## [Work task]
The pictures in the listing below are to be skipped, while the lines between the line holding "Pani Ilona Kurp, zwyciężczyni" and the line holding "Free Large Print Spring Wordsearches", inclusive, are to be output exactly.

## [Provided data]
____________________

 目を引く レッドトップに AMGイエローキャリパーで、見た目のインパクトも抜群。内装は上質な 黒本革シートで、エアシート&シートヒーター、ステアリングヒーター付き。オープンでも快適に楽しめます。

____________________

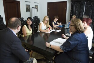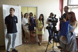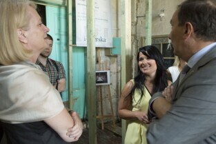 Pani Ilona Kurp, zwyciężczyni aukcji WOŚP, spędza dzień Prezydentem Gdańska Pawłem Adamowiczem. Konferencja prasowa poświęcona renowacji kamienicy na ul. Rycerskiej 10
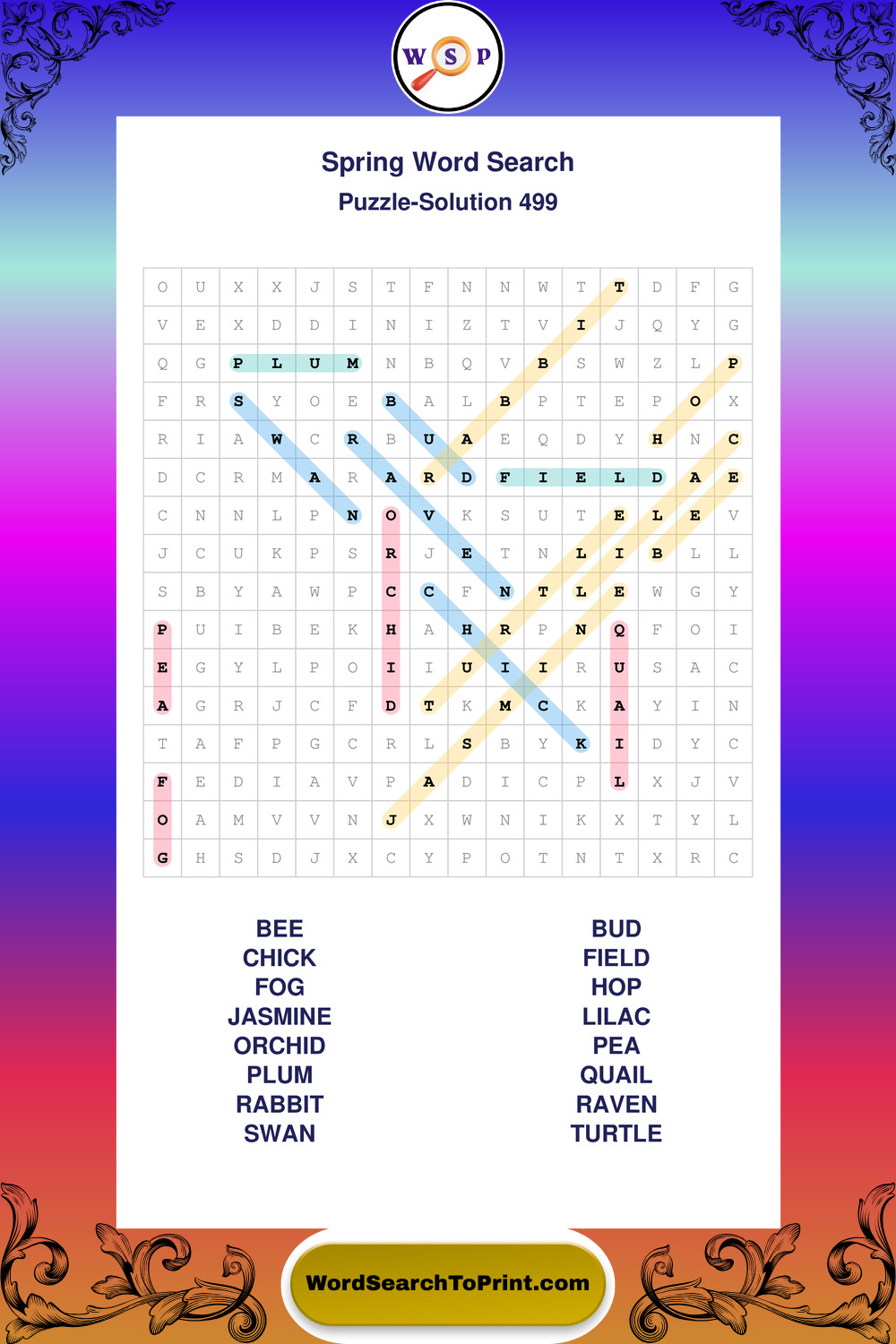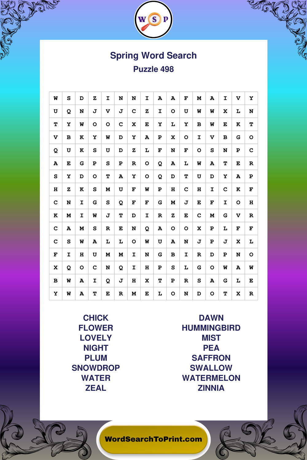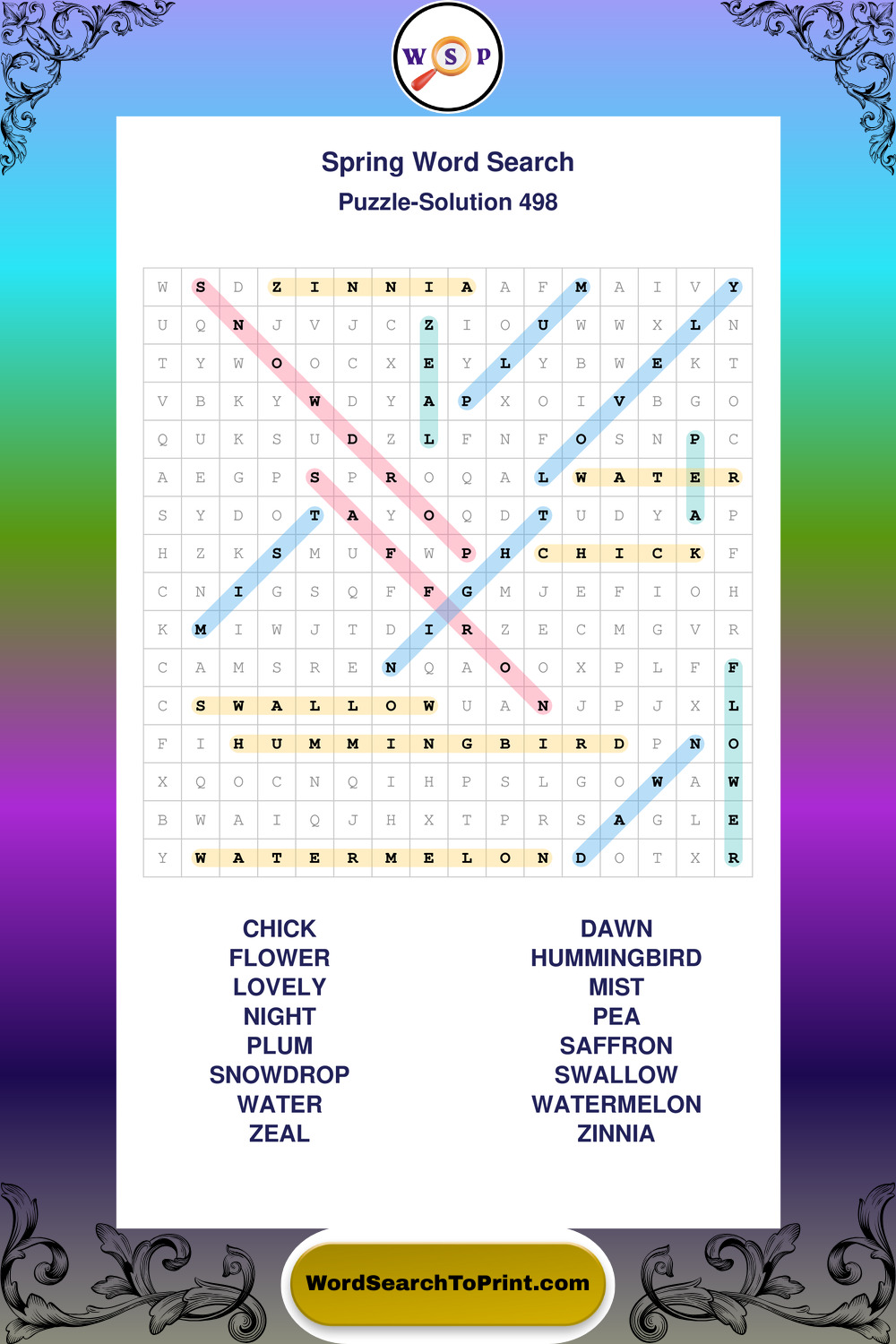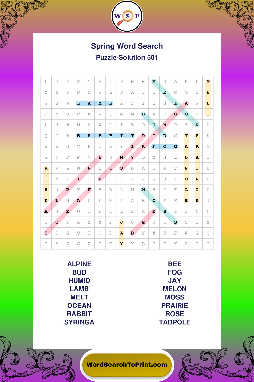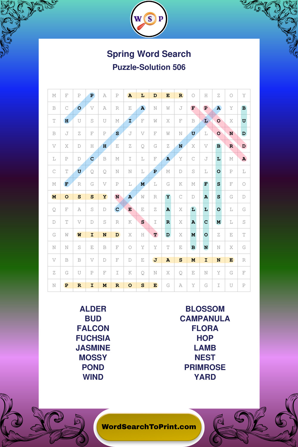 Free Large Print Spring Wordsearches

____________________

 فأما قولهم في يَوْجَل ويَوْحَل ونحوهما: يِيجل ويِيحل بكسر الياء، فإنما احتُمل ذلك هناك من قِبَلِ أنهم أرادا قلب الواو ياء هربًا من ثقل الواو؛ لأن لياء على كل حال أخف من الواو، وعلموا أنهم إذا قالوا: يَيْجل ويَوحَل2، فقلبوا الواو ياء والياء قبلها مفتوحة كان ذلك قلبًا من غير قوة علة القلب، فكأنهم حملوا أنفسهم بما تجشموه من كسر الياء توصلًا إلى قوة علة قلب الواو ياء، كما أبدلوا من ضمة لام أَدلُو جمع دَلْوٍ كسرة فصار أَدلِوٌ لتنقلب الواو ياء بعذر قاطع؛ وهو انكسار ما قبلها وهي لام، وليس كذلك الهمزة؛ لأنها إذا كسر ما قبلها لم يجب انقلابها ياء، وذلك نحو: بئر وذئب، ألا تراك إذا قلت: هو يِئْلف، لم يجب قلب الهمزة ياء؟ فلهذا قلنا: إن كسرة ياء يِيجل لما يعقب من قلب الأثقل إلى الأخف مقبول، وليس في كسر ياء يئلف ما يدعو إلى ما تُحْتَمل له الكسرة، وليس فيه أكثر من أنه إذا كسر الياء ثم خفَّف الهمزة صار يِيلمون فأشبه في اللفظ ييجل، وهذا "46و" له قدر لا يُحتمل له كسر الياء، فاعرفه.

____________________

## [Output for this exercise]
 Pani Ilona Kurp, zwyciężczyni aukcji WOŚP, spędza dzień Prezydentem Gdańska Pawłem Adamowiczem. Konferencja prasowa poświęcona renowacji kamienicy na ul. Rycerskiej 10
 Free Large Print Spring Wordsearches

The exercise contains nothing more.